West Virginia’s attorney general has urged the US Court of Appeals for the DC Circuit to declare the US Environmental Protection Agency’s (EPA) proposed restrictions on greenhouse gas emissions from existing coal-fired power plants illegal.

Coal regulations are “blatantly violating the Clear Air Act”

“In its proposed rule, the EPA is blatantly violating the Clean Air Act,” said Patrick Morrisey. According to Morrisey’s brief, the act gives the EPA a choice between regulating only hazardous emissions from existing coal-fired power plants under national standards or requiring states to regulate any emissions from those plants on a state-by-state basis.

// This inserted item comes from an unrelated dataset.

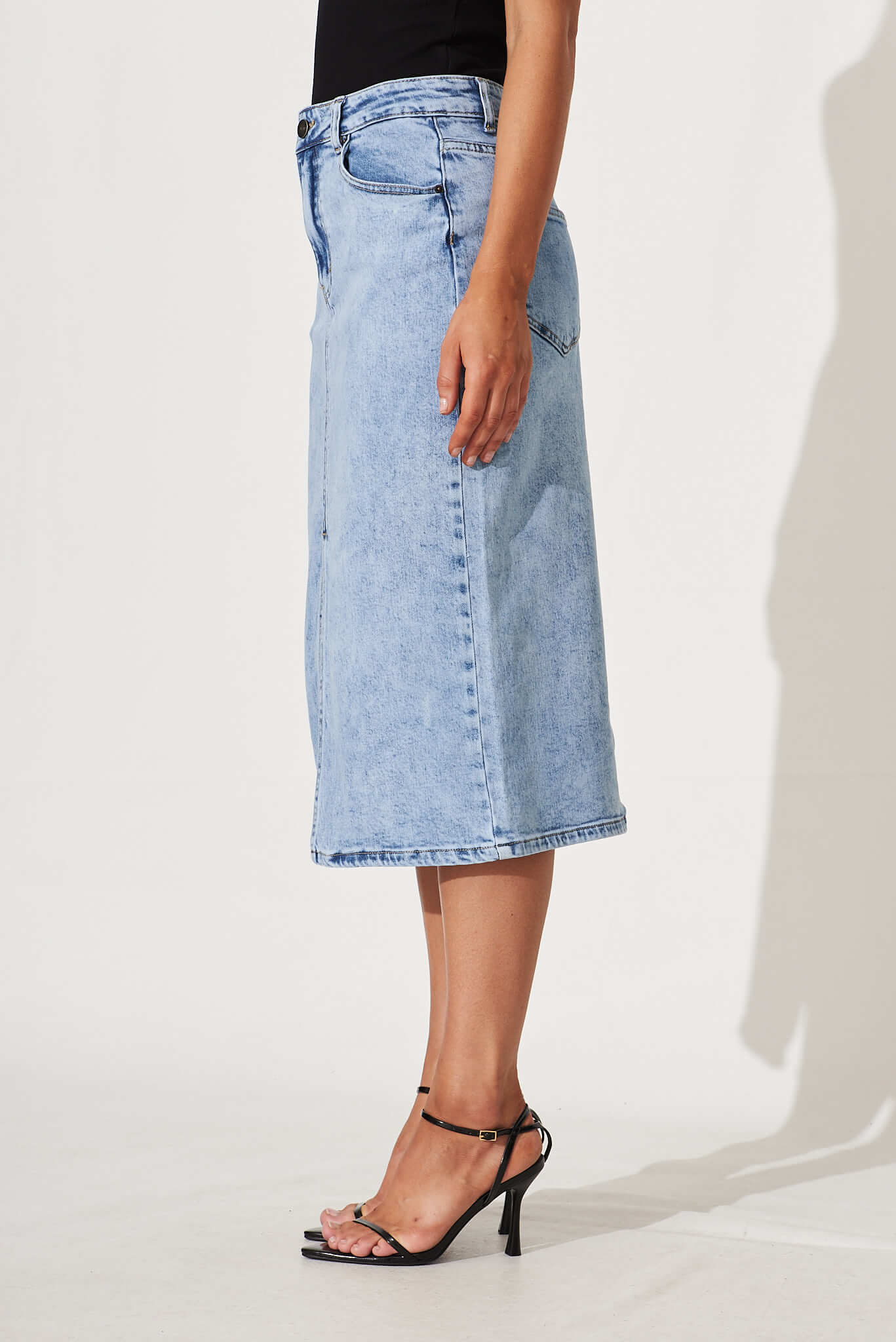 Deja Vu Midi Stretch Denim Skirt In Light Blue Wash

“The Clean Air Act explicitly prohibits the EPA from imposing both kinds of regulations on the same existing plants,” Morrisey explained in a press statement.

“Since coal-fired power plants are already regulated by the EPA under […] national standards, [it] it prohibited from imposing its new proposed state-by-state regulations on those same plants.”

The EPA: unconstrained leviathan

Morrisey also cited recent criticism of the EPA in a recent ruling by the justices of the US Supreme Court, who accused the agency of seeking an “enormous and transformative extension” of its authority without the approval of Congress. “The proposed rule for existing coal-fired power plants […] is even more obviously illegal than the rule the Supreme Court struck down,” said Morrisey, noting that even the EPA recognised that its rule violated the literal terms of the Clean Air Act.

“An agency should not be permitted to threaten to impose a rule that it know will never survive judicial review in order to scare regulated parties into closing their doors in anticipation of the rule being finalized,” concluded Morrisey. “We will use every legal tool possible to stop this flagrant overreach by [the] EPA in order to protect the hard working families of West Virginia.”

States unite against the proposals

Morrisey was representing a bipartisan group of nine states, including Alabama, Alaska, Kentucky, Nebraska, Ohio, Oklahoma, South Carolina and Wyoming, as well as West Virginia.